Solutions that use classification algorithms to study the enhancer DNA sequence context

The problem of identifying enhancers based solely on sequence characteristics (e.g. motifs or kmers) is tackled in [79]. In another study [51], sequence features capable of discriminating mammalian enhancer sequences from random genomic loci are systematically identified. The proposed ‘kmer-frequency vector' [39], which captures the full set of kmers of varying length (3–10 nucleotides), and its refined version called ‘gapped kmer-vector' [80] were used in SVM models to predict enhancers.

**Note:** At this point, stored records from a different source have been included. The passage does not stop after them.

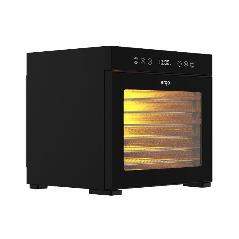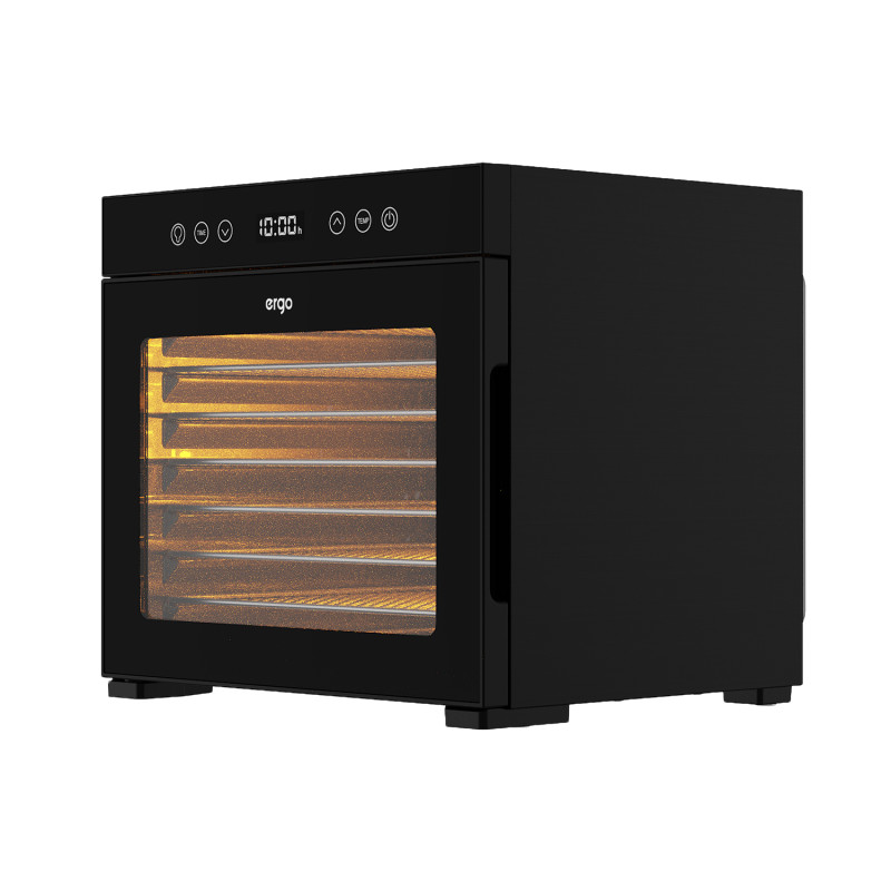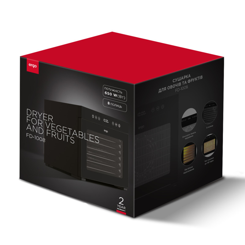 Сушарка ERGO FD-1008 поєднує в собі привабливий дизайн, компактність корпусу й водночас достатню місткість. Вісім полиць дозволяють розміщувати й засушувати велику кількість найрізноманітніших продуктів: овочів, фруктів, ягід, зелені, грибів, горіхів, а також виробів з тіста, м’ясних і рибних продуктів тощо. Ця сушарка дає змогу швидко і безтурботно готувати пастилу, сухі закуски, мюслі, граноли, горіхово-фруктові батончики й багато іншого.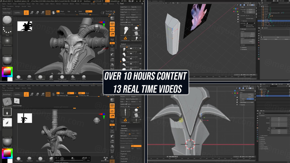 我们使用搅拌器进行建模,Zbrush 用于雕刻,物质用于纹理,搅拌器用于着色、照明、渲染和合成,所以如果你想学习新技术,这个过程视频将对你有所帮助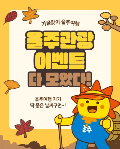 먼저 모바일 스탬프투어 ‘울주단풍명소’ 코스를 운영한다. 간월재, 구량리 은행나무, 자드락 숲 등 8개소 중 6개소에서 스탬프 획득 후 선물을 신청하면 추첨을 거쳐 총 70명에게 2만원 상당의 울주특산품을 제공한다.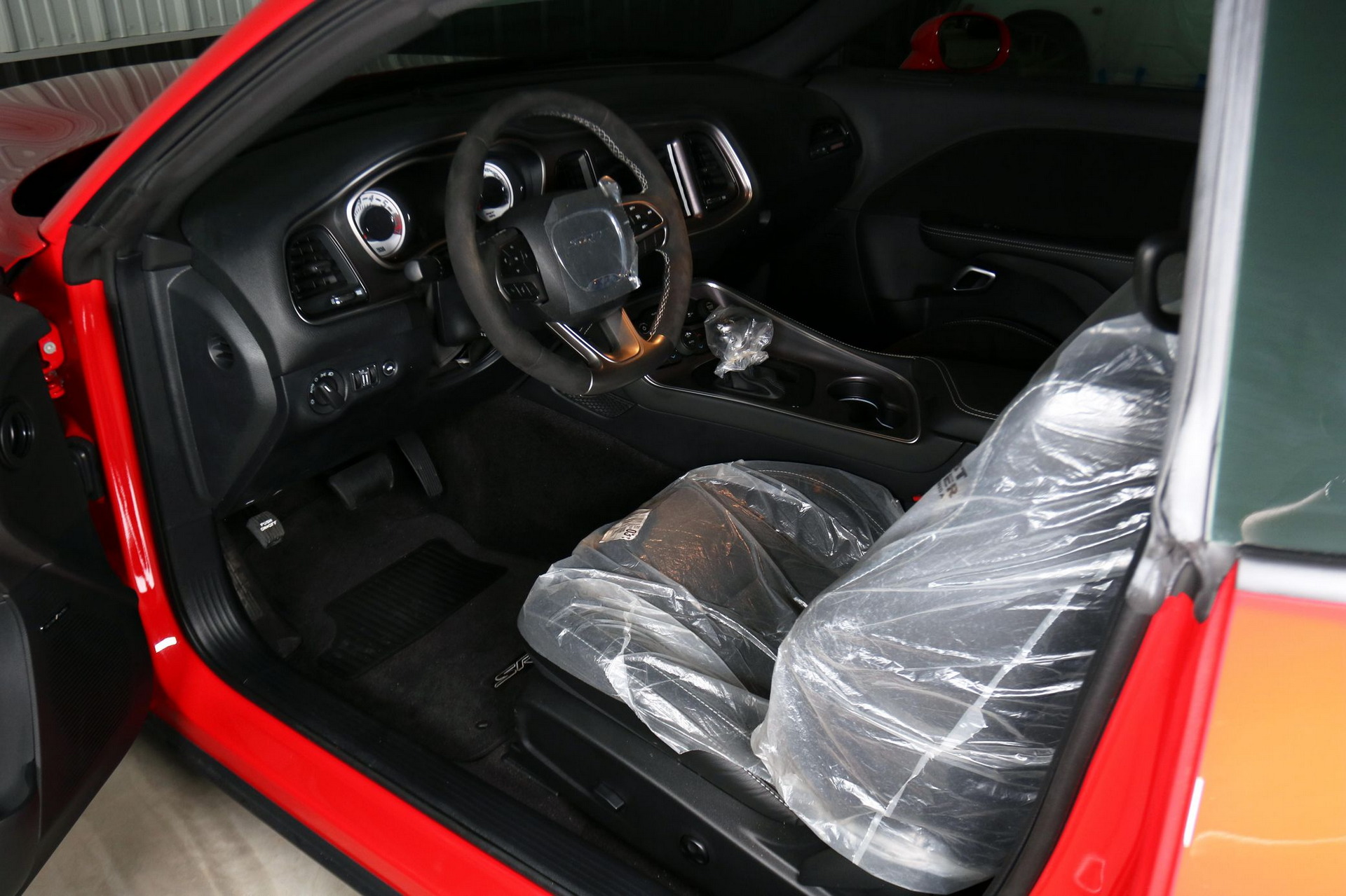 The result is cars like this 2018 Demon listed on Cars & Bids that still has the original protective plastic on its seats. Take a look at the odometer, and you’ll see it reads a mere 121 miles, meaning the only travel it’s ever seen was likely to and from a dealership. This car is number 1,136 of 3,000 and it comes with all relevant documentation, including the owner’s manuals, build letter, and original window sticker.

Identification of enhancers using high-resolution data

The presence of deep sequence data has enabled development of a variety of bioinformatics methods to detect active enhancers and test directly their ability to trigger transcription in messenger RNA (mRNA) promoters. Nowadays several enhancer-testing and in vivo-screening methods exist for human, mouse, flies and yeast, such as STARR-seq [44], CRE-seq [45], FIREWACh [46] and several others [47-49], which are surveyed comprehensively in [17].

Methods based on Enhancer Screening Data

This subcategory of methods describes bioinformatics analyses for investigating mechanisms that trigger regulation activities related to enhancers and promoters, combining several high-throughput data sets, sequence characteristics or TFBSs and more targeted mutation experiments [81, 82]. A typical example is an analysis based on MPRA-derived data (massively parallel reporter assay) from K562 and Hep cell lines that reconfirmed previously published results for cell type specificity of enhancer chromatin states [42]. In a similar fashion, functional testing of computationally predicted enhancers with CRE-seq data in K562 cell line revealed that previously reported chromatin states can distinguish active enhancers from negative samples, but TFBS motifs also have high discriminative power and characterize in a better way the most active enhancer regions [43]. Note that an analysis based on STARR-seq data from Drosophila cells reported interesting mechanistic properties of enhancers and can serve as a paradigm for similar studies in humans [52].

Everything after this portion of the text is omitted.